Klara Honegger (29 May 1860 – 11 April 1940) was a Swiss suffragist and pacifist activist. She was co-founder of the Union für Frauenbestrebungen Zürich and a founding member of the Schweizerischen Verbandes für Frauenstimmrecht. She was the leader of the Swiss Central Office for Peace Work and a member of Women's Alliance for the Promotion of International Harmony.

== Early life ==
Honegger was born Zurich, Switzerland in 1860.

== Activism ==
In 1896, Honegger was a co-founder of the Union für Frauenbestrebungen Zürich (Union for Women's Efforts Zurich), and served as president from 1903 to 1911.

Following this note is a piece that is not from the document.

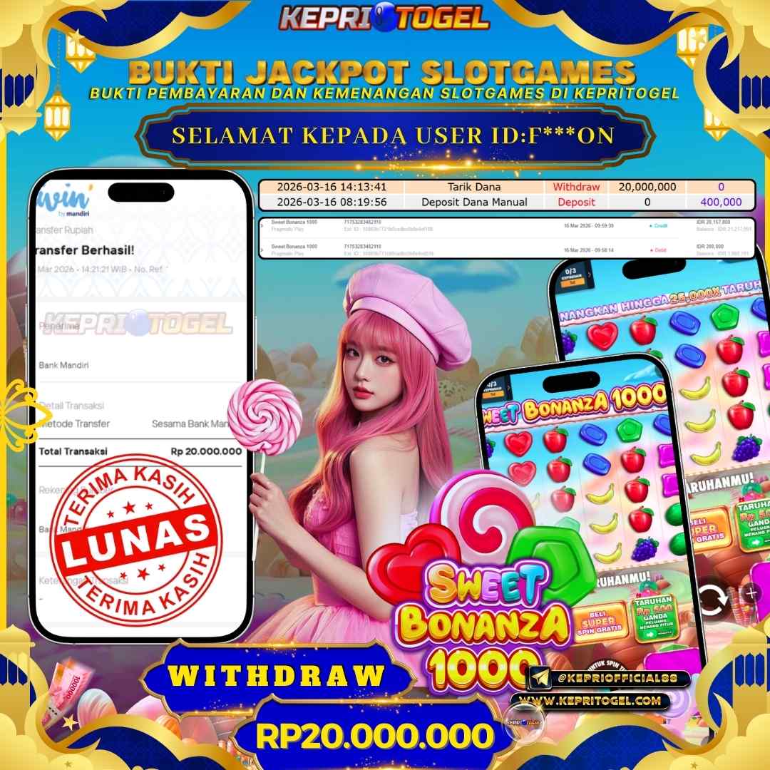Selamat kepada UserId F***ON telah berhasil mendapatkan kemenangan jackpot pada permainan Slot Sweet Bonanza 1000 Kepritogel sebesar Rp20,000,000,- . Kepritogel situs terpercaya sejak dulu hingga saat ini , Untuk kemenangan berapapun pasti akan kami bayarkan . Jangan ragu bermain di Kepri Togel . Kami pihak Kepritogel Menyampaikan terima kasih kepada seluruh member Kepri Togel yang telah Percaya dan setia Bersama kami bermain di Kepritogel hingga saat ini.

As a campaigner for women's suffrage, Honegger gave speeches in urban and rural areas of Switzerland. In 1909, Honegger was a founding member of the Schweizerischen Verbandes für Frauenstimmrecht (Swiss Association for Women's Suffrage). That year she was also a delegate to the International Woman Suffrage Alliance in London, and in Stockholm 1911, both with Carrie Chapman Catt presiding.

Honegger joined the peace movement in 1915. She was the leader of the Swiss Central Office for Peace Work and a member of Women's Alliance for the Promotion of International Harmony. From 1933, she worked in the Women and Democracy Working Group.

== Death ==
She died in 1940 in Zurich, Switzerland, aged 79.